Tensile, flexural and interlaminar shear strength of carbon fiber reinforced epoxy composites modified by graphene

In order to investigate the effects of different functional groups on graphene on the mechanical behavior of carbon fiber reinforced epoxy composites were fabricated by hand layup technique. In this study, three different variety of functionalized graphene (-NH2, -COOH, and -OH) with varying weight percent (i.e. 0.1, 0.3, and 0.5 wt%) was considered. Tensile, interlaminar, and three-point flexural tests were conducted to evaluate the effects of graphene concentration and fiber stacking sequence (i.e. 0/90 degrees and 0/90/ +/- 45 degrees) on composites. The microstructures of the composites were characterized by a scanning electron microscope.
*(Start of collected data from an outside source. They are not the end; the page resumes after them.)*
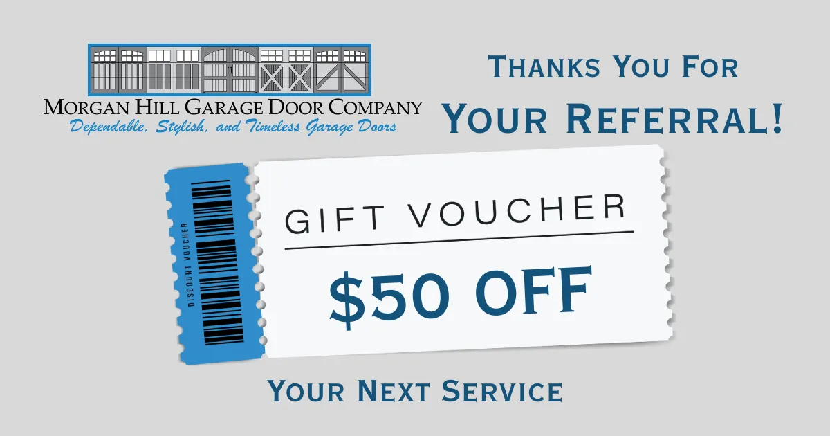 Referral Rewards are redeemable on all products and services provided by Morgan Hill Garage Door Company.
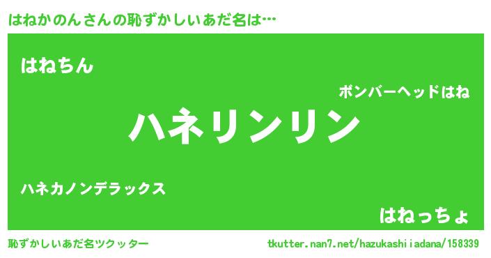 | 意味不明あだ名 | 『とにかく怪しいはねかのん』 |
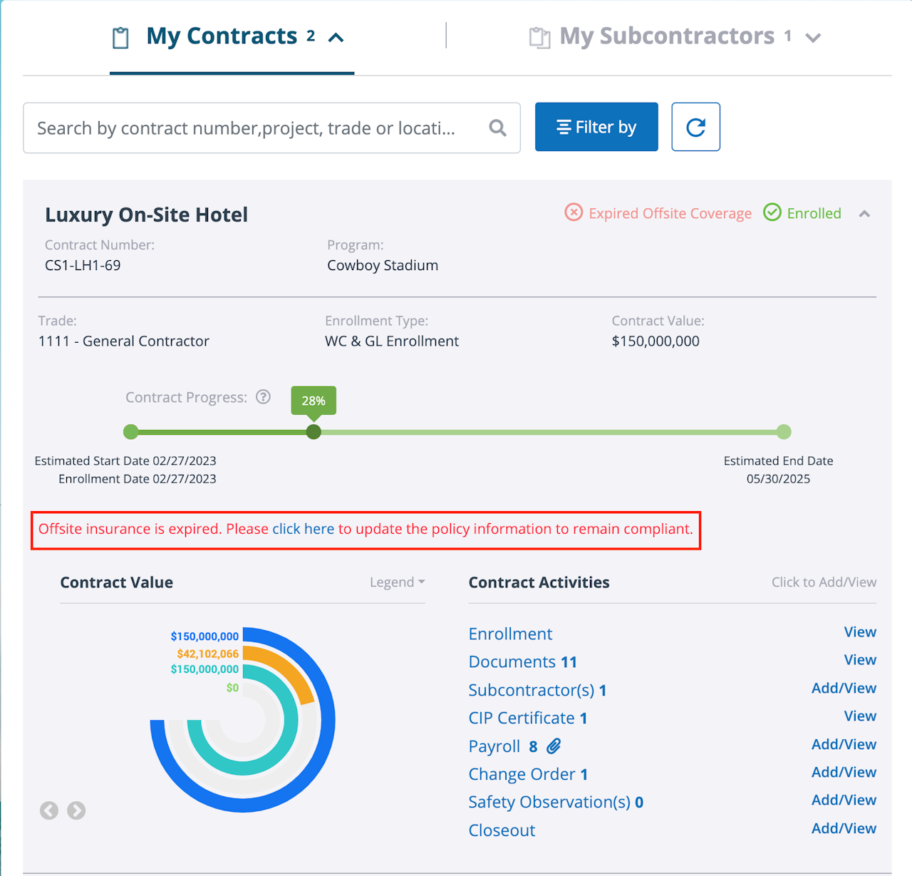 When one or more of your policies is within 30 days of expiration, your contract status will change to “Expiring Offsite Coverage”. If the administrator has email automations turned on, you will also receive an email notification reminding you to upload your renewal certificate(s).
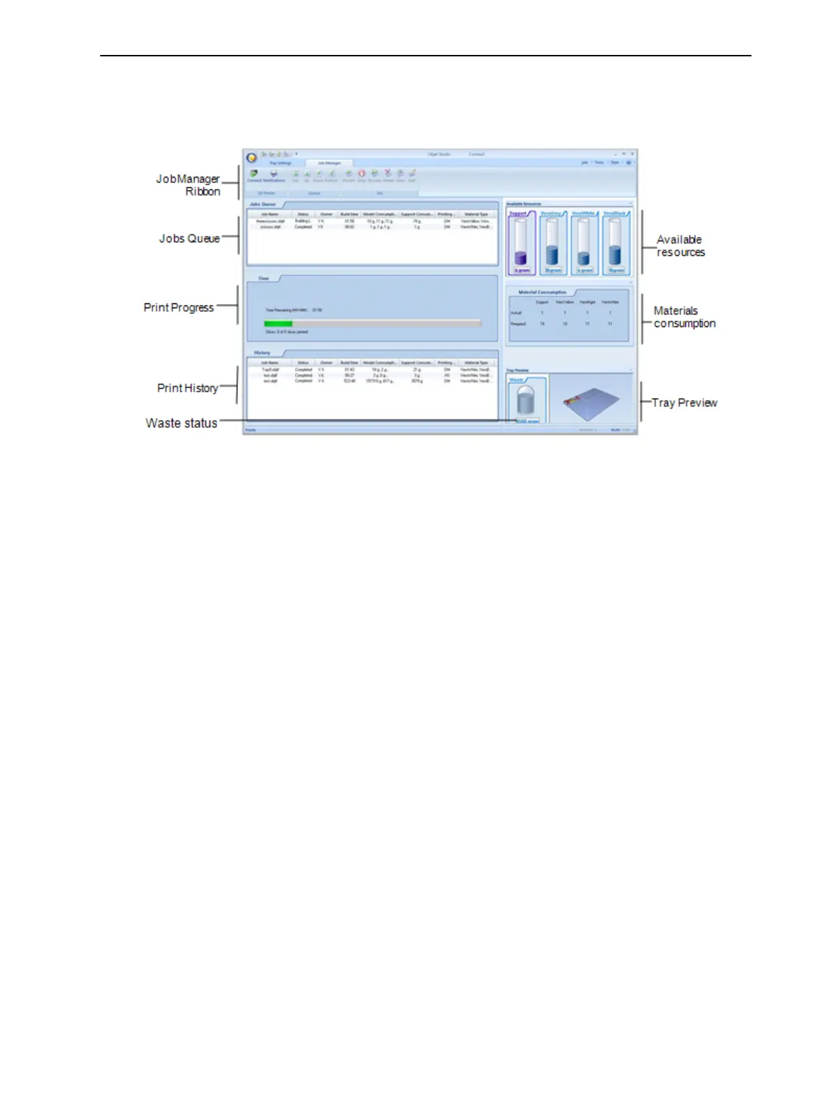 TheJob Managerscreenisdividedintopanels:
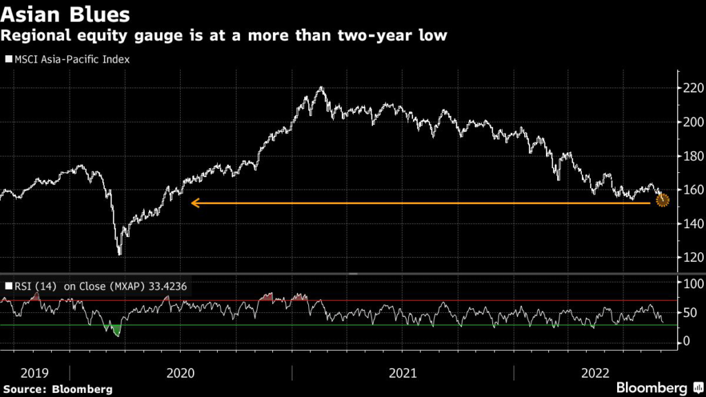 The next rate rise is due in Australia, where economists expect the central bank to lift the policy rate by a further 50 basis points. Tightening financial conditions globally are weighing on stocks and bonds — an Asia-Pacific equity gauge is at a more than two-year low — and stoking demand for the dollar as a haven.
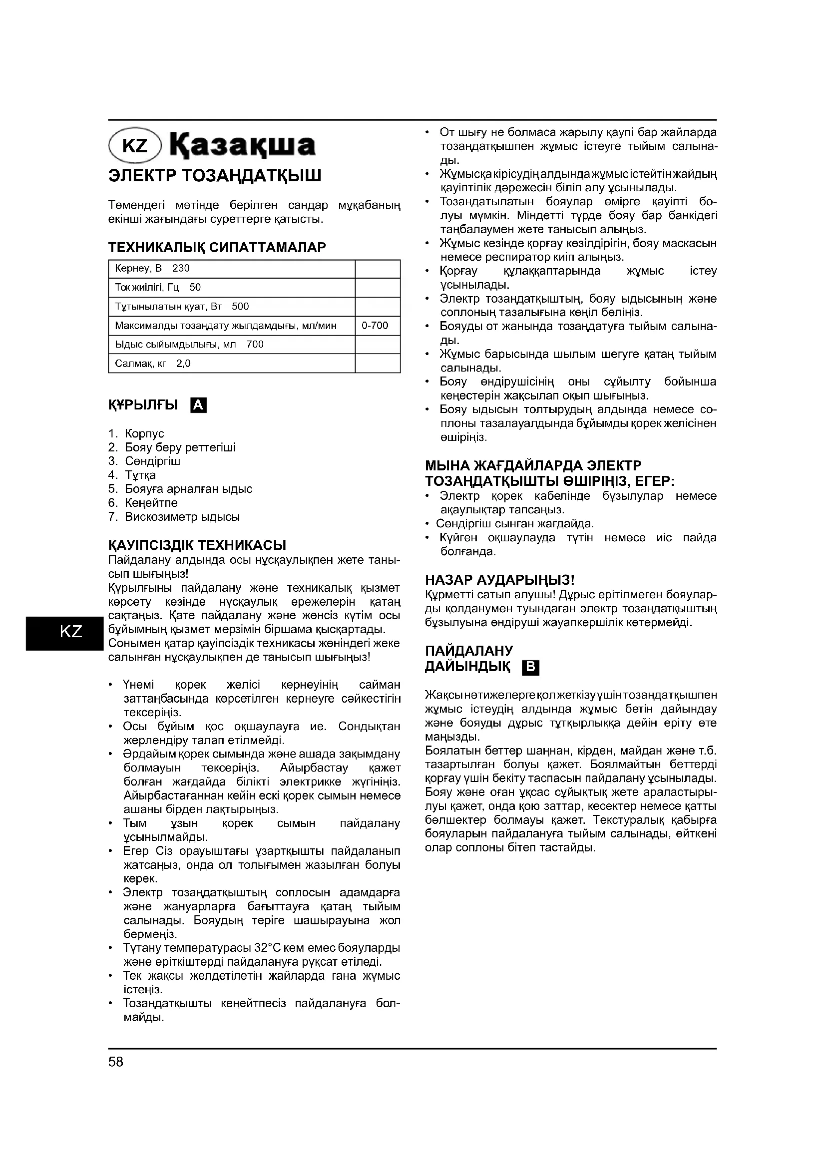 ПАЙДАЛАНУШЫ НҰСҚАУЛЫҒЫ BFP500 Bort
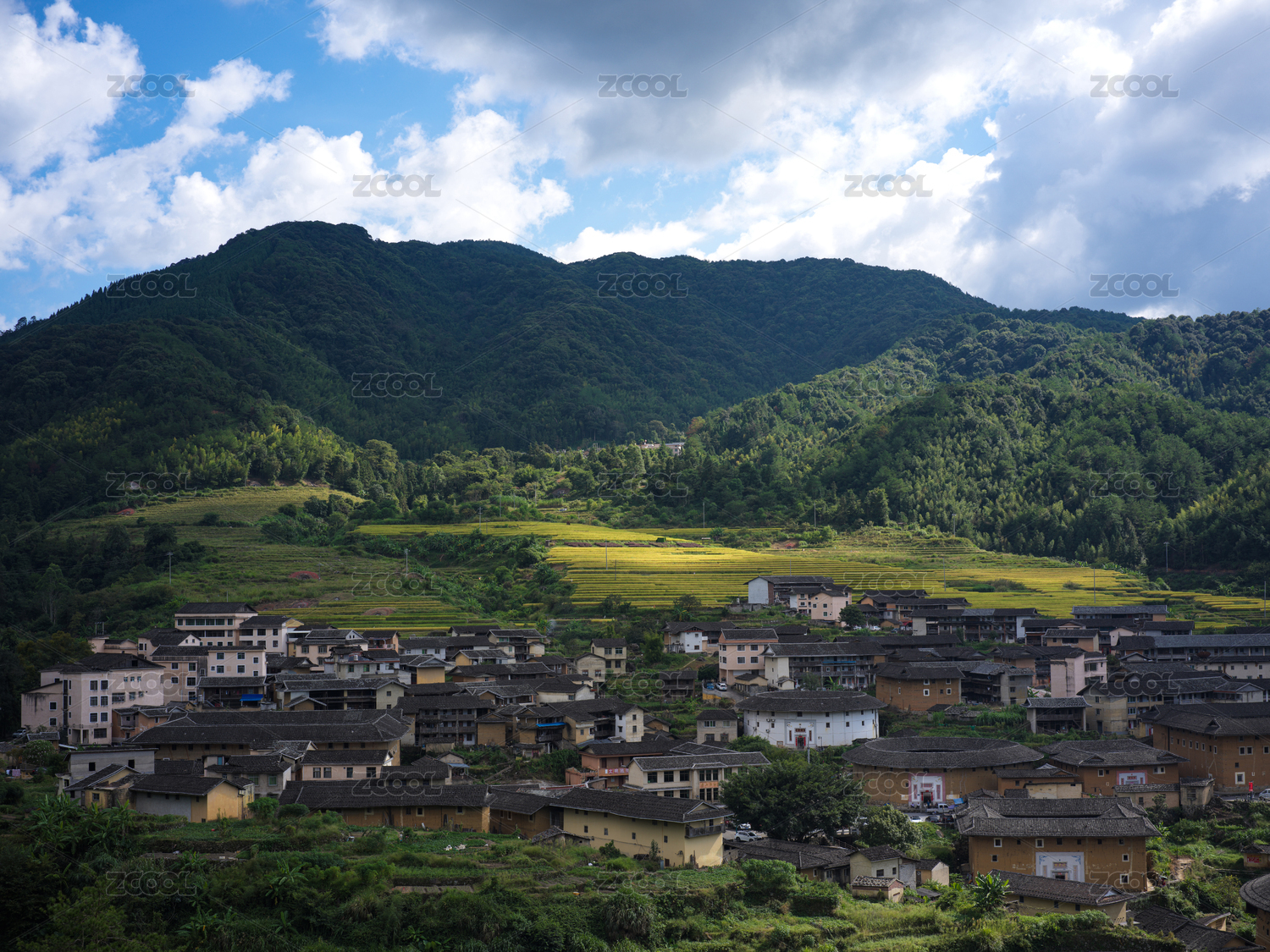 福建省龍巖市初溪土樓青山環(huán)繞的鄉(xiāng)村風(fēng)光
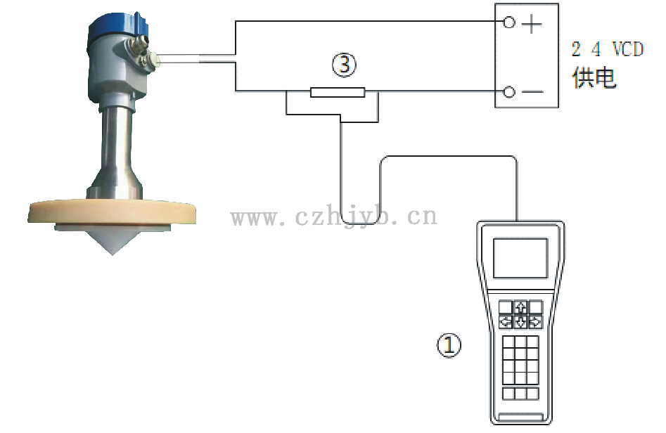 (4~20) mA/HART(兩線制) 供電電源和輸出電流信號(hào)共用一根兩芯屏蔽電纜線。具體供電電壓范圍參見技術(shù)數(shù)據(jù)。對(duì)于本安型須在供電電源與儀表之間加一個(gè)安全柵。

Experimental results showed that pristine and functionalized graphene significantly improved the mechanical properties of carbon fiber epoxy composites. Compared to neat carbon fiber epoxy composites, the maximum tensile strength of 33.34% and 26.35% were noticed for 0/90 degrees-COOH-0.5 and 0/90/ +/- 45 degrees-NH2-0.3 stacked functionalized graphene modified carbon fiber epoxy composites, respectively. Moreover, 48.44% and 59.1% flexural strength were recorded for 0/90 degrees-COOH-0.3 and 0/90/ +/- 45 degrees-OH-0.5 stacked functionalized graphene modified carbon fiber epoxy composites, respectively. Furthermore, maximum interlaminar shear strength (ILSS) of 120.25% was observed for 0/90/ +/- 45 degrees stacked carbon fiber epoxy composites. Finally, the results obtained with graphene as reinforcement filler can cause a significant improvement in the mechanical performance of fiber composites. Henceforth, they can also be considered as a promising candidate for designing composites for structural applications.